O tio Beltrano ergueu as mãos em sinal de rendição e em um piscar de olhos avançou sobre o meu pai, tomou a espada na bainha presa à cintura e o ameaçou com a lâmina a uma polegada de distância da garganta.

Os dois estavam sozinhos discutindo, e eu à distância observando tudo com o meu coração acelerando. Nenhum guarda apareceu ali pelos minutos seguintes. Vi nos olhos do meu tio emanar uma energia de tons escuros e de sensação negativa, como se ele desejasse de verdade cravar a lâmina da espada na garganta do próprio irmão.

Naquele momento, sem mais nem menos, lágrimas involuntárias escorreram dos meus olhos enquanto o meu corpo se moveu na direção deles, gritando palavras de desespero e medo.

— Não, tio!

— Isabella? — indagou meu pai ao sentir o meu abraço por trás.

— Como vai, sobrinha?

— Não mate o meu pai, por favor!

O tio Beltrano baixou a espada, rindo bem alto enquanto o meu pai se virou e, após se abaixar diante mim, enxugou com suas mãos as lágrimas que escorriam pelo meu rosto pálido.

Não compreendi a razão das risadas do meu tio, suas ações não tiveram graça alguma para mim. Imagina ver a vida de seu próprio pai ameaçada diante de seus olhos. A morte nunca foi interpretada como um momento cônico no reino de Valeria e eu sempre tive medo dela.

Os nobres normalmente morrem após a velhice como pessoas que cumpriram seu tempo nesta realidade de amor e dor ou no campo de batalha como grandes heróis, e não pelas mãos do próprio irmão.

Na história da nobreza do reino de Valeria, os reis e seus irmãos sempre mantiveram uma boa relação, embora expressassem o desejo de revogar a lei que obriga o descendente caçula do rei a ser o seu sucessor imediato, e os demais filhos, em ordem do mais novo para o mais velho, a assumir o trono no caso de morte do irmão mais novo.

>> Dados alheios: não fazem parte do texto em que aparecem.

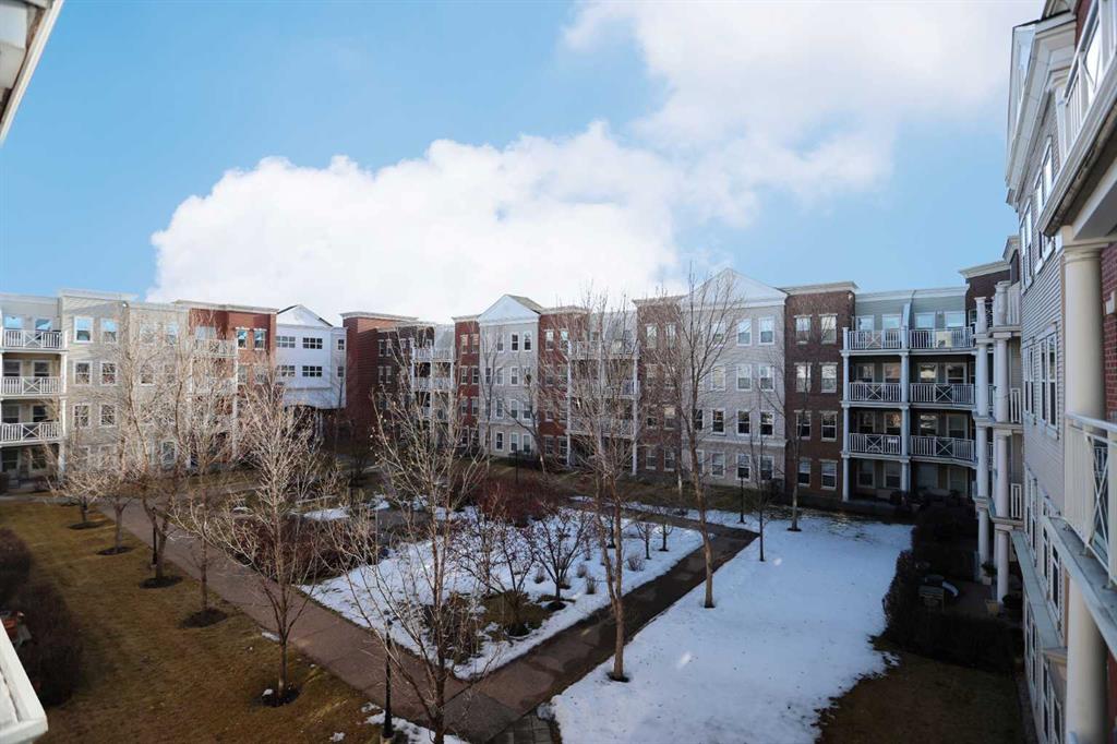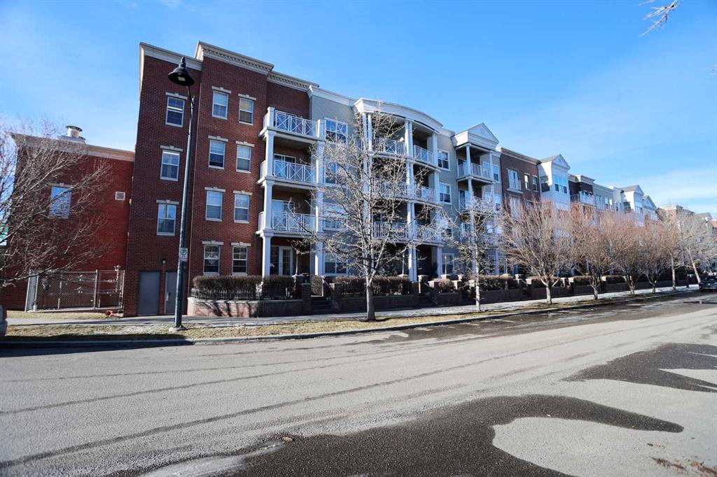 Here is the sought-after neighbourhood of Garrison Green is this fantastic 1 bedroom condo the popular GATEWAY GARRISON GREEN project, walking distance to beautiful Peacekeepers Park with its memorial to our veterans. Available for quick possession, this 3rd floor unit enjoys laminate floors & high ceilings, maple kitchen with granite counters, titled underground parking stall & covered South-facing balcony overlooking the central courtyard. You’ll love this sun-drenched home with its open concept floorplan, featuring the spacious living/dining room & stylish kitchen with island & pantry, black subway tile backsplash & stainless steel appliances which includes a Bosch dishwasher. Great-sized bedroom with 2 windows looking out onto the balcony. Full bathroom with shower/tub combo & laundry closet with space-saving Whirlpool washer/dryer. Overlooking the courtyard, the balcony – complete with natural gas line for your BBQ, is the perfect spot to relax, unwind & enjoy the fresh open air. Also included with this terrific home in this concrete building is a titled parking stall in the secure underground parkade & titled storage locker which is conveniently located just steps from your parking spot. Monthly condo fees include heat, water-sewer & electricity, plus access to the building amenities: main floor fitness centre & yoga studio, residents lounge, bike storage & library; there is also an onsite property manager, underground visitor parking & guest suites you can rent. Prime location just minutes to Mount Royal University, transit & trendy Marda Loop, North Glenmore Park, highly-ranked schools, museums & downtown.

— Está tudo bem, filha. Acalme-se, seu tio apenas está fazendo mais uma de suas cenas sem graça.

O meu pai tomou de volta sua espada e a guardou na bainha presa a sua cintura revestida por um cinturão dourado. Ele repreendeu o irmão com um olhar severo, semicerrado, como se estivesse querendo amassar a imagem do irmão, como fazem as bruxas nos livros de fadas, comprimindo objetos apenas estreitando os olhos ou franzindo a testa.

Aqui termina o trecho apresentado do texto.